- _EXERCISE MATERIAL_:
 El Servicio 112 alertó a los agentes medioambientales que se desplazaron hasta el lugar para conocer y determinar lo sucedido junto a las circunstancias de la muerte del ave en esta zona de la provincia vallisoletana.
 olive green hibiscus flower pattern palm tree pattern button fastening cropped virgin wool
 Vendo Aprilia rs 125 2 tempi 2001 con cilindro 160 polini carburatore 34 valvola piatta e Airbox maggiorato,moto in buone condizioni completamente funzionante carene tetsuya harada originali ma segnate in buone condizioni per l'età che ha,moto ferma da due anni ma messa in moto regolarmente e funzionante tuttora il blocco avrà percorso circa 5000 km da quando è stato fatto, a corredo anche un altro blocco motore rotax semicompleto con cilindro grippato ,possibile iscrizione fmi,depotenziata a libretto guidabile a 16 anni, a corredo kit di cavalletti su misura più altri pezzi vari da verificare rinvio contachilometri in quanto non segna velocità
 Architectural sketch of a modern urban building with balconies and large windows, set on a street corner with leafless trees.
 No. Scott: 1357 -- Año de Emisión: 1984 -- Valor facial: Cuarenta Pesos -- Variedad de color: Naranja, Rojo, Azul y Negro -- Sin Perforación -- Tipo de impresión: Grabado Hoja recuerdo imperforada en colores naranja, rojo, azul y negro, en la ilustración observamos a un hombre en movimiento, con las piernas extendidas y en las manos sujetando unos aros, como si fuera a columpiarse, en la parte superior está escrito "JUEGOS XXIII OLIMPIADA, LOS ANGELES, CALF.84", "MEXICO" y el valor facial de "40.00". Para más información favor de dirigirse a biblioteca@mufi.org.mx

- _EXERCISE OBJECTIVE_:
The output should match the records above exactly, line for line.

- _YOUR SOLUTION_:
 El Servicio 112 alertó a los agentes medioambientales que se desplazaron hasta el lugar para conocer y determinar lo sucedido junto a las circunstancias de la muerte del ave en esta zona de la provincia vallisoletana.
 olive green hibiscus flower pattern palm tree pattern button fastening cropped virgin wool
 Vendo Aprilia rs 125 2 tempi 2001 con cilindro 160 polini carburatore 34 valvola piatta e Airbox maggiorato,moto in buone condizioni completamente funzionante carene tetsuya harada originali ma segnate in buone condizioni per l'età che ha,moto ferma da due anni ma messa in moto regolarmente e funzionante tuttora il blocco avrà percorso circa 5000 km da quando è stato fatto, a corredo anche un altro blocco motore rotax semicompleto con cilindro grippato ,possibile iscrizione fmi,depotenziata a libretto guidabile a 16 anni, a corredo kit di cavalletti su misura più altri pezzi vari da verificare rinvio contachilometri in quanto non segna velocità
 Architectural sketch of a modern urban building with balconies and large windows, set on a street corner with leafless trees.
 No. Scott: 1357 -- Año de Emisión: 1984 -- Valor facial: Cuarenta Pesos -- Variedad de color: Naranja, Rojo, Azul y Negro -- Sin Perforación -- Tipo de impresión: Grabado Hoja recuerdo imperforada en colores naranja, rojo, azul y negro, en la ilustración observamos a un hombre en movimiento, con las piernas extendidas y en las manos sujetando unos aros, como si fuera a columpiarse, en la parte superior está escrito "JUEGOS XXIII OLIMPIADA, LOS ANGELES, CALF.84", "MEXICO" y el valor facial de "40.00". Para más información favor de dirigirse a biblioteca@mufi.org.mx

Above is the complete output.